• **Recorded information**
_ _ _

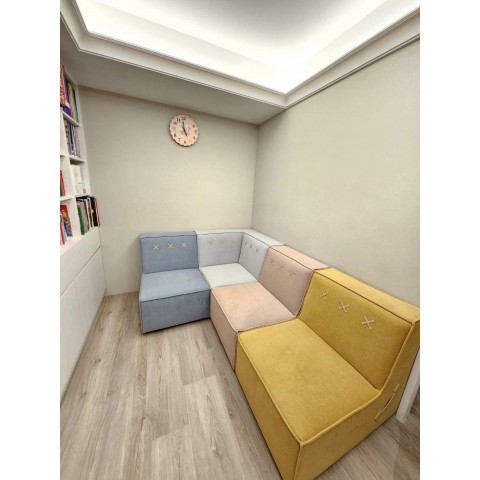 小朋友的成長只有一次 稍縱即逝 自上次可愛貓咪和兔子床 業主家有一個小空間是給小朋友看故事使用的 但是礙於空間不大,一直沒有擺放任何的椅子 小朋友在看書的過程,並不能太舒適閱讀 最後決定選了這組,可以單獨分開使用 也可以併在一起使用的童趣沙發 家中成員共4個小朋友 每個小朋...
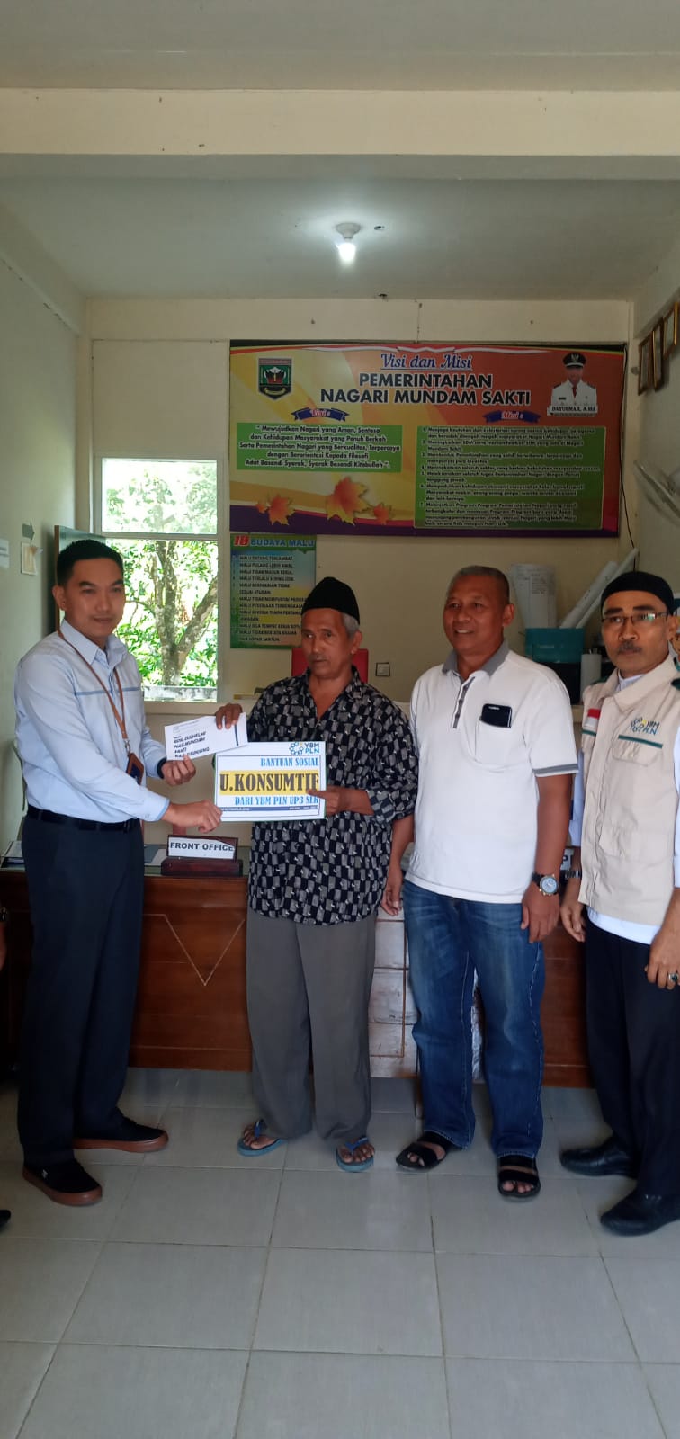 Simbolis penyerahan bantuan dilakukan di Kantor Wali Nagari Mundam Sakti oleh Pengurus YBM UP3 Solok Burhan didampingi Manager ULP Silungkang Seprianto, kepada masing-masing penerima manfaat.
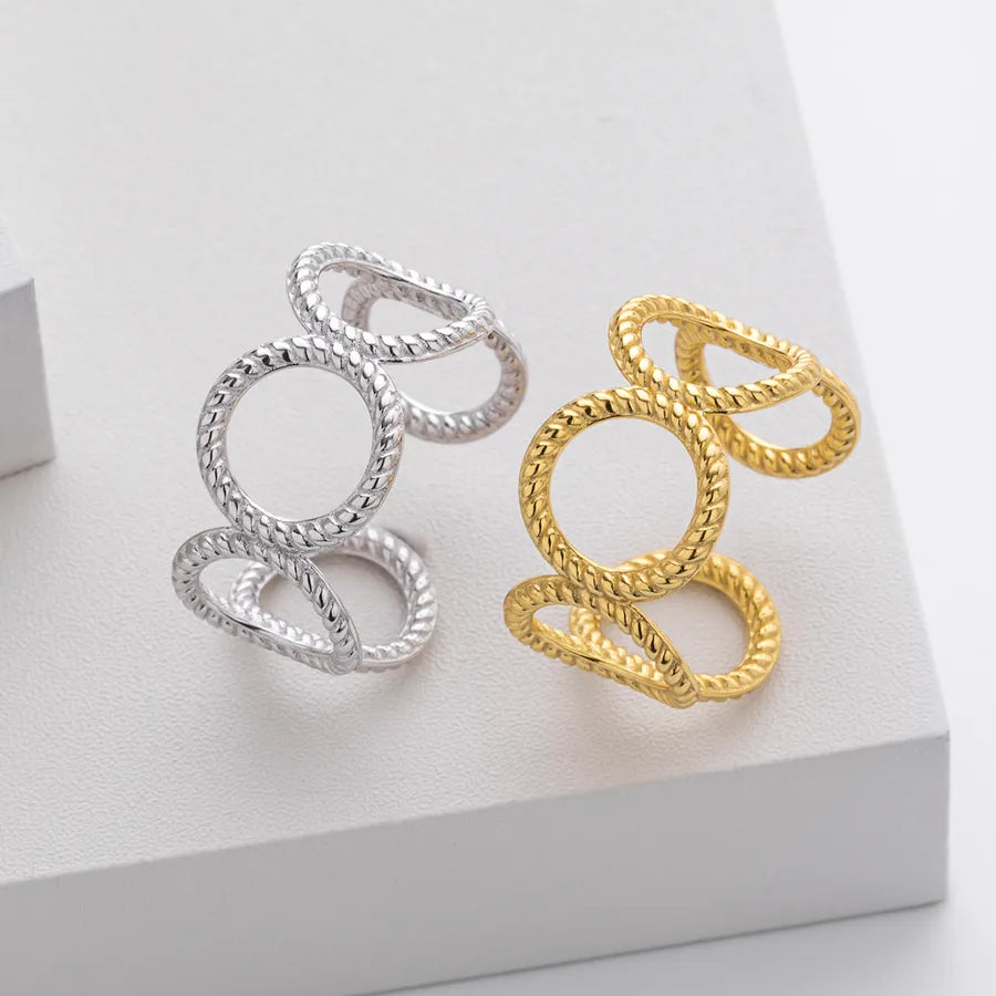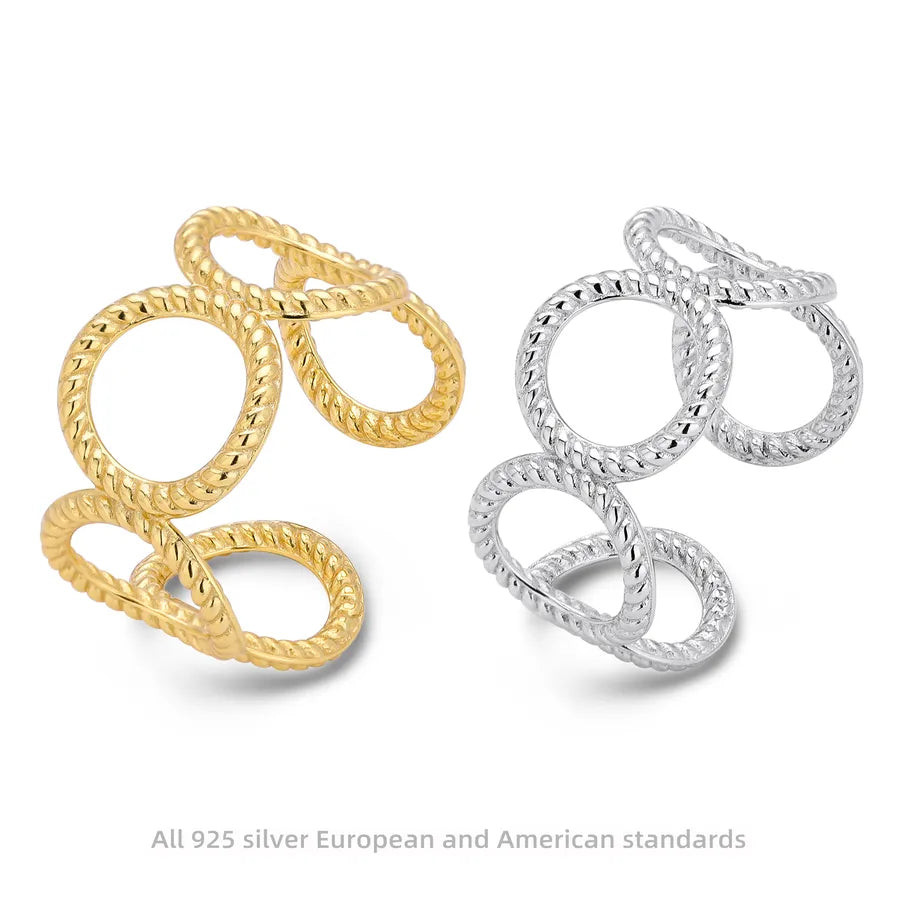 18K Gold Plated Rhodium Plated S925 Sterling Silver Ring Braided Circle Ring

_ _ _

• **What to do**
Every line of the listing must be reproduced exactly, though the pictures are to be left out.

• **Solution below**
 小朋友的成長只有一次 稍縱即逝 自上次可愛貓咪和兔子床 業主家有一個小空間是給小朋友看故事使用的 但是礙於空間不大,一直沒有擺放任何的椅子 小朋友在看書的過程,並不能太舒適閱讀 最後決定選了這組,可以單獨分開使用 也可以併在一起使用的童趣沙發 家中成員共4個小朋友 每個小朋...
 Simbolis penyerahan bantuan dilakukan di Kantor Wali Nagari Mundam Sakti oleh Pengurus YBM UP3 Solok Burhan didampingi Manager ULP Silungkang Seprianto, kepada masing-masing penerima manfaat.
 18K Gold Plated Rhodium Plated S925 Sterling Silver Ring Braided Circle Ring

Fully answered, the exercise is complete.